Glucose dissociates DDX21 dimers to regulate mRNA processing and promote epidermal differentiation (CLIP-Seq II). Glucose dissociates DDX21 dimers to regulate mRNA processing and promote epidermal differentiation (CLIP-Seq II)
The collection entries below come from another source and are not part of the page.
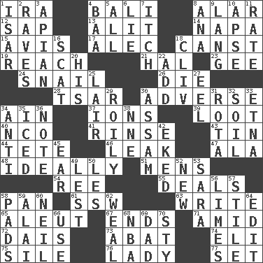 ACROSS 1. Retirement account (abbr.) 4. Indonesian resort city 8. Having or resembling wings 12. Plant excrement 13. Came down and settled, as after flight 14. California wine valley 15. Deliberation 17. Actor Baldwin 18. 2nd pers. sing. pres. of can (arch.) 19. Arrive at 21. Actor Linden 23. Unit of force equal to gravity 24. Slow-paced one 26. Pass on 28. Russian ruler of old 30. Contrary to your interests or welfare 34. The 18th letter of the Arabic alphabet 37. Charged particles 39. Spoils 40. Non-commissioned officer (abbr.) 41. Wash lightly 43. Metal container 44. Wig 46. Path through which fluid escapes 47. Insect wing 48. Under perfect conditions 51. Not women's 54. To riddle 55. Allots cards 58. Baking dish 61. Compass dir. 63. Compose 65. Native American of Southwest Alaska 67. Extremities 71. Among 72. Raised platform 73. Blind as ____ 74. Biblical high priest 75. Filth; sediment 76. Kenny Rogers chart-topper in '80 77. Put into a specified state DOWN 1. Austrian river, tributary to the Danube 2. All-night dance parties 3. Bee-related 4. Sound made by sheep 5. 100% 6. Whopper 7. Hankering 8. Santa ___, CA 9. Austrian-born American filmmaker Fritz 10. Domed church section 11. Assign a rank or rating to 16. Scram, to a cat 18. 154 in Roman numerals 20. Part of HMS, perhaps 22. Increase 25. Den 27. Snakelike fish 29. Turbulent 30. Indian state 31. Roll call or roster of names 32. Earth 33. Inactive volcano in Sicily 34. Opposed to 35. On the rocks 36. Observe 38. Compass dir. 42. Made supply last 45. Ewer handle 49. For fear that 50. French article 52. ___ Haven, CT 53. "Two Mules for Sister ____" 56. Citrus fruits 57. Vertical member of a panel or frame 58. Writing tablets 59. Jai ____ 60. Famous astronaut Armstrong 62. Welt 64. Prepare for publication 66. Purpose 68. Basketball assoc. 69. June honoree 70. Filthy place
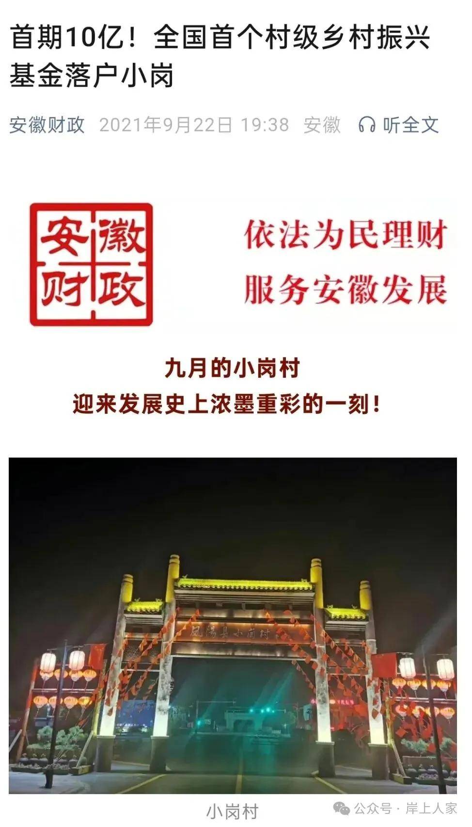 2021年,全国首个村级乡村振兴基金落户安徽小岗村,第一期就有10亿元人民币(首期10亿!全国首个村级乡村振兴基金落户小岗)。想来,这笔10亿元的乡村振兴基金,一定也有古稀之年的严宏昌所贡献的智慧。
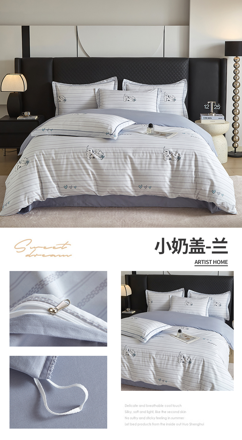 商品名称:曼秀琳 2026新款铂金棉数码印花四件套(全棉133*76) 可提供买家秀图片 小奶盖-兰
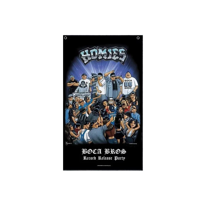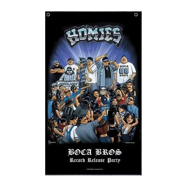 David Gonzales Art Chicano Homies Release Record Party Banner.This Polyester banner has 2 metal grommets. Banner High Quality dye-sublimated Design. Printed on one side all the way through the fabric. Double-stitched around all edges with 4 rows of stitching on fly edge. Size is 3 feet by 5 feet New in sealed packaging. Shipped with USPS First Class Package.

Glucose is an important cellular energy source, however, glucose’s function as a second messenger remains relatively unexplored. Here, we find that glucose binds directly to DDX21 to regulate its function during epidermal differentiation. Specifically, glucose binds to the ATP-binding domain of DDX21 to induce a conformational change and inhibit helicase activity. Glucose binding inhibits the dimerization of DDX21 leading to re-localization from the nucleolus to the nucleoplasm and reassembly of DDX21 into larger protein complexes, increasing its association with splicing factors. This occurs during keratinocyte differentiation, where glucose accumulation is necessary, and results in DDX21 binding to RNA processing proteins and mRNA introns. Consequently, DDX21 regulates the splicing of key differentiation factors and promotes epidermal differentiation in a glucose-dependent manner. These findings reveal a novel mechanism of glucose regulation of cell signaling. Overall design: HEK293T cells were infected with WT or mutant DDX21 to identify DDX21-bound RNAs by CLIP-seq. In addition, three biological replicates of primary human foreskin keratinocytes were used to identify DDX21-bound RNAs by CLIP-seq (easyCLIP variant) in progenitor (non-differentiating) cells in 2D culture. In both cases, cells were infected with lentivirus to express an HA-tagged DDX21 expression construct. CLIP-seq sequencing was performed on a Novaseq, PE150, with ~35 M reads for each sample.

葡萄糖是重要的细胞能源，但其作为第二信使（second messenger）的功能仍未得到充分探索。本研究发现，葡萄糖可直接结合DDX21，调控其在表皮分化过程中的功能。具体而言，葡萄糖结合DDX21的ATP结合结构域（ATP-binding domain），诱导构象变化（conformational change）并抑制解旋酶活性（helicase activity）。葡萄糖结合会抑制DDX21的二聚化（dimerization），使其从核仁（nucleolus）重新定位至核质（nucleoplasm），并重新组装为更大的蛋白质复合物，增强其与剪接因子（splicing factors）的结合。这一过程发生在需要葡萄糖积累的角质细胞（keratinocyte）分化阶段，此时DDX21会结合RNA加工蛋白（RNA processing proteins）与mRNA内含子（mRNA introns）。因此，DDX21调控关键分化因子的剪接，并以葡萄糖依赖的方式促进表皮分化。上述发现揭示了葡萄糖调控细胞信号通路的全新机制。实验整体设计：通过慢病毒（lentivirus）感染HEK293T细胞，使其表达野生型（WT）或突变型DDX21，随后利用CLIP-seq（Cross-Linking Immunoprecipitation and High-throughput Sequencing）鉴定DDX21结合的RNA。此外，我们采用三批生物学重复（biological replicates）的原代人包皮角质细胞（primary human foreskin keratinocytes），在2D培养的增殖（未分化）状态下，通过easyCLIP变体的CLIP-seq技术鉴定DDX21结合的RNA。两组实验中，均通过慢病毒感染细胞以表达HA标签的DDX21重组表达载体。CLIP-seq测序在NovaSeq平台上以PE150模式完成，每个样本的测序读长约为35 M reads。